Но вот через полчаса я обратил внимание, что после перекура на балконе некоторые из ребят возвращаются очень уж счастливыми. Разгадка долго не заставила себя ждать: улучив момент, мне в ухо зашептал Николай:

– Водку будешь?

Я отказался. И в этот миг наткнулся на насмешливые, все понимающие глаза Кати. В эти секунды я растерял всю свою волю, будто оглушило меня – из девичьих глаз брызнуло ядом, и враз окоченевший разум даже не пискнул, а душа застонала, как раненая птица. Мне в вихревом наплыве эмоций захотелось выкинуть что-то из ряда вон выходящее: подойти к Кате и при всех поцеловать ее, или встать на голову, или пройтись по перилам балкона…

– Антон, – окликнули меня. И, как заблудившийся в лесу путник, слыша голос, бросается на него с надеждой, так и я всем своим существом уцепился за него.

В двух шагах от меня стояла Маша.
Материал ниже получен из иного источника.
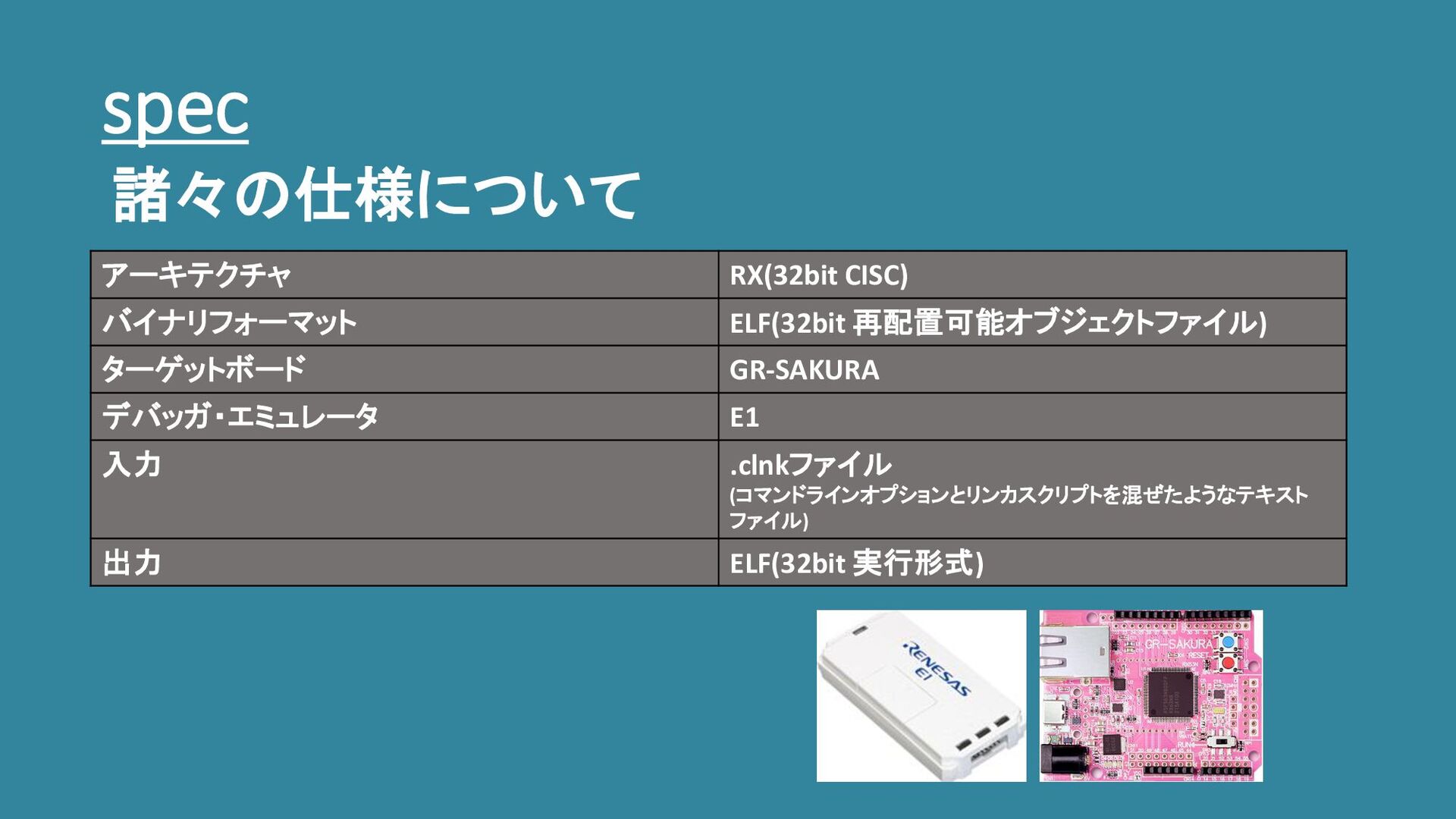 spec 諸々の仕様について アーキテクチャ RX(32bit CISC) バイナリフォーマット ELF(32bit 再配置可能オブジェクトファイル) ターゲットボード GR-SAKURA

В черном, траурного цвета, свитере и клетчатой юбке она производила странное волнующее впечатление.

– Пойдем потанцуем?

Скажу честно: танцую я не ахти как. Здесь сыграл свою роль очередной комплекс: не мог выносить обращенных на себя взглядов. А в деревенском клубе так и пялятся, так и пялятся… Тоня танцевала – хоть бы хны, а я отсиживался в уголочке.
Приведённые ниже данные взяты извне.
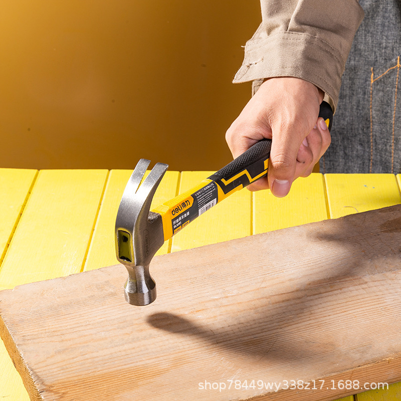Deli Sheep Horn Hammer Wholesale Construction Site Fiber Handle Carbon Steel Multifunctional Hammer Woodworking Dual Use Adhesive Wrapped Nail Hammer
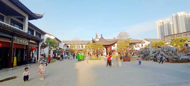 去年的此时,正在建设中的古镇工地都被围栏堵着。没想到,一年之后竟发生了天翻地覆的变化!
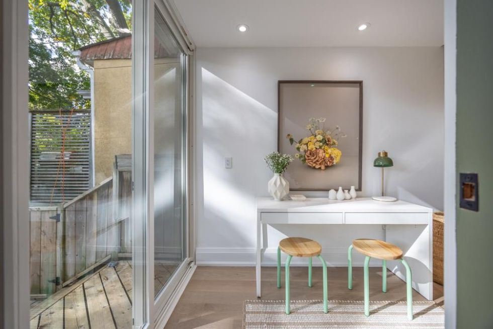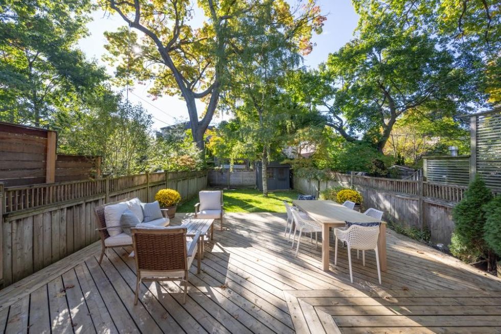 We're swooning over this entire Midtown home, but we'd be remiss not to spotlight the picturesque backyard. South-facing and enclosed for optimal privacy, the generous outdoor respite is complete with a re-sodded garden, a generous deck, and ample grassy lawn space. Whether you're looking to enjoy after-work drinks, some quiet time with a book, or a cheery game of bocce ball, this is the place to escape to.

И сейчас мы с Машей начали не очень-то ловко, движения мои сковывала неуверенность, но затем все-таки попал в ритм волнообразного неспешного скольжения…

Грянул тяжелый рок. Все вокруг возопили, воздев руки, пары распались – в образовавшийся водоворот втянуло и нас с Машей. И здесь я ничем особо себя не проявлял, слабо дрыгая ногами и где-то внутри себя ощущая некое стеснение от того, что вот так неразумно, как болванчик, дергаю головой и всеми остальными частями тела. А около Маши вообще можно было ощутить себя неполноценным: так чудесно и раскованно взаимодействовали между собой ее руки и ноги, вся она будто пропиталась музыкой.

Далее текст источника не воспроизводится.